4. Preference / arena — LMSYS Chatbot Arena
What it measures: humans submit prompts to two anonymous models side-by-side and vote on the better response. After thousands of votes per model, an Elo-style score emerges.
What it catches: real-world taste. Captures the messy gestalt of "do users actually like this model" — formatting, helpfulness, tone, creativity, refusal patterns all blended together.
What it misses: attribution. If model A is rated higher than model B, you don't know why. Is A smarter? Better-formatted? Just different in style? Hard to tell. Also: most arena votes are short prompts in English, so capabilities outside that distribution may not be reflected.
Match the eval to the lever
This is the practical payoff. When you pull a specific lever, certain evals will tell you whether it helped:
| Lever | Evals that will catch the effect | Evals that will miss it |
|---|---|---|
| Fine-tuning for a task | Your task-specific eval (held-out test set); preference eval if it's about tone/format; held-out general benchmark to catch forgetting | Perplexity on generic web text (changes in ways you don't care about) |
| Quantization | Perplexity (catches if numerics broke); your task eval (catches if the bits you care about degraded) | Arena (signal too coarse to catch sub-percent quality drops) |
| Context extension | Long-context retrieval probes (Needle-in-a-Haystack), long-document QA, multi-turn fidelity | Short-prompt benchmarks (most of MMLU); short-form arena prompts |
| Pruning | Perplexity (catches gross degradation), full task eval suite (catches narrow capability loss) | Anything narrow — pruning often degrades skills nobody tested for |
| Decoding controls (temperature, top-p) | Variance metrics (multiple runs of same prompt); creativity/diversity metrics; user studies | Perplexity (decoding doesn't change next-token probabilities, just sampling from them) |
| System prompt change | Task-specific eval; preference eval focused on tone/format | Static benchmarks (don't run system prompts) |
How teams actually pick a model
Across many real conversations with people who ship LLM products, the pattern looks the same:
- Start with arena scores as a coarse filter. Top 10 by arena Elo is a reasonable shortlist.

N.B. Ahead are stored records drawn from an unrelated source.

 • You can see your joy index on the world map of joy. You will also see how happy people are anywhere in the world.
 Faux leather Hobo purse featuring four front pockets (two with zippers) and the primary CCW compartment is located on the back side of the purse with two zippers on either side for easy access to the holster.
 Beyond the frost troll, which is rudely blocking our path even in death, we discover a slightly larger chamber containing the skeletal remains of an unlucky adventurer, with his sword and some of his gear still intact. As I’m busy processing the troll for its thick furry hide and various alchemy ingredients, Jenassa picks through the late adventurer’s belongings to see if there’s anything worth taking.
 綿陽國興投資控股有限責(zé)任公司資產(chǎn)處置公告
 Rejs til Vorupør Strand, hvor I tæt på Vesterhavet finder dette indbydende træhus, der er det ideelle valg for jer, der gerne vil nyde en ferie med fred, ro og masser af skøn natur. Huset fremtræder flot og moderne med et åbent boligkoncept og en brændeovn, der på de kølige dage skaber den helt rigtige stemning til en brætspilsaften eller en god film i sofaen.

- Check benchmark scores on the dimensions you care about — code (HumanEval, SWE-Bench), math (GSM8K, MATH), long-context (RULER), instruction-following (IFEval).
- Build a custom eval set on your task. Even 100 hand-picked examples beats any public benchmark for your specific use case.

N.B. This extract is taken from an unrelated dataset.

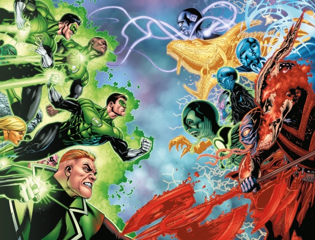 Хэл Джордан, Джон Стюарт, Кайл Рэйнер и Гай Гарднер – полицейские Корпуса Зеленых Фонарей. Под руководством Стражей Зеленые Фонари поддерживают во Вселенной порядок с помощью своих Колец Силы.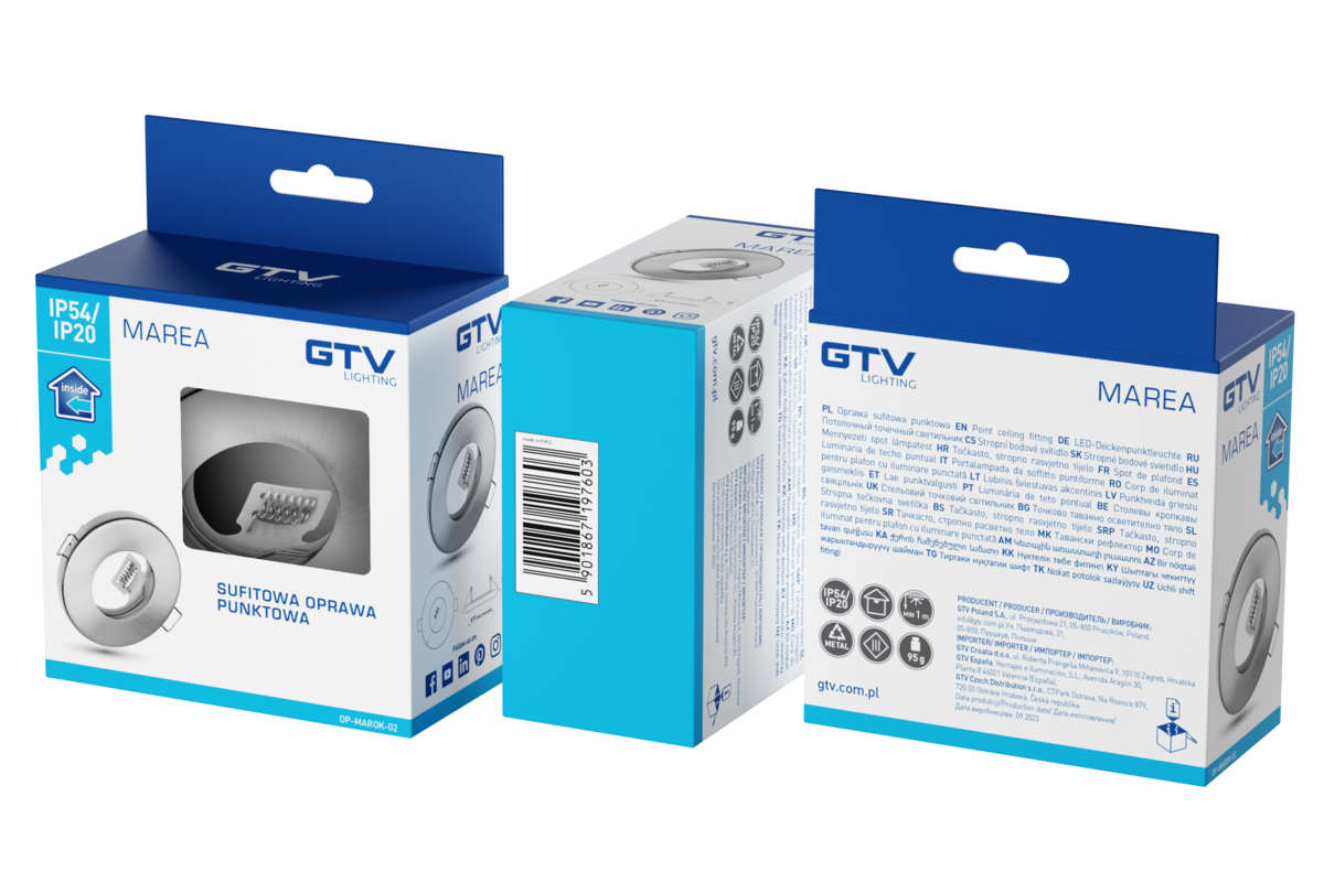 Punktowa oprawa sufitowa MAREA to propozycja, w której harmonijnie łączy się prosty, nieskomplikowany design i praktyczny aspekt funkcjonalności. Oprawa sufitowa pozwala doświetlić wybraną przestrzeń, a dzięki prostej formule wizualnej, spaja się z licznymi stylami aranżacyjnymi – klasyką, nowoczesnością, minimalizmem, stylem skandynawskim czy modnym eklektyzmem. Sprawdzi się w hotelach, biurach, restauracjach, placówkach użyteczności publicznej i oczywiście w domach oraz mieszkaniach. Aspekt praktyczny zwiększa uszczelnienie, dzięki któremu oprawa punktowa sufitowa MAREA jest odporna na wilgoć i zachlapania (stopień ochrony IP 20/54), świetnie spełni więc swoją rolę w łazience lub kuchni.

- Vibe-check. Spend an hour talking to the top 2-3 candidates. Things you'll notice in conversation often don't show up in any number.
- Account for cost, latency, deployment constraints. The model that wins on capability per dollar is usually not the model with the highest absolute capability.

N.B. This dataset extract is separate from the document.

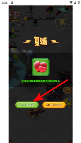 4、若战斗失败出现复活界面,可选择不了,谢谢结束本局,根据自身需求选择操作以继续体验。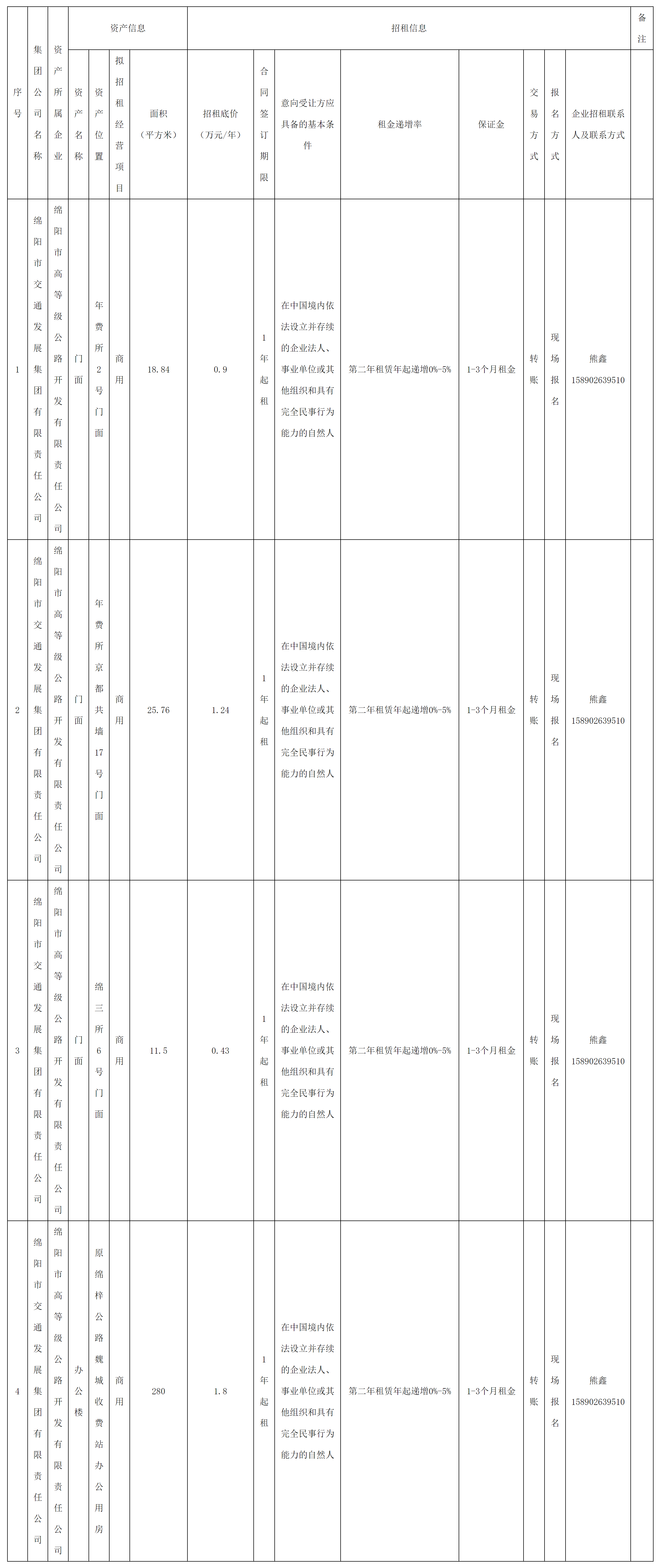 綿陽市高等級公路開發(fā)有限責(zé)任公司現(xiàn)有部分空置場院對外公開招租,歡迎有意向的單位、個(gè)體工商戶、自然人報(bào)名競價(jià),現(xiàn)將相關(guān)事宜公告如下:

"Vibes" gets disrespected as unscientific, but it's actually doing useful work — it's catching the residual after all your formal evals have run, telling you about the shape of capability that no individual eval is measuring.
The honest summary
Eval is hard. Every method has holes. The teams that ship best treat evals as a portfolio: a few automated benchmarks for fast iteration, a custom task-specific suite for honest measurement, periodic human review for catching things automation misses.
If you're making changes to an LLM (any of the levers), commit to evaluating those changes. If you ship without evals, you don't actually know whether your last change helped — and you'll find out, painfully, when something breaks downstream.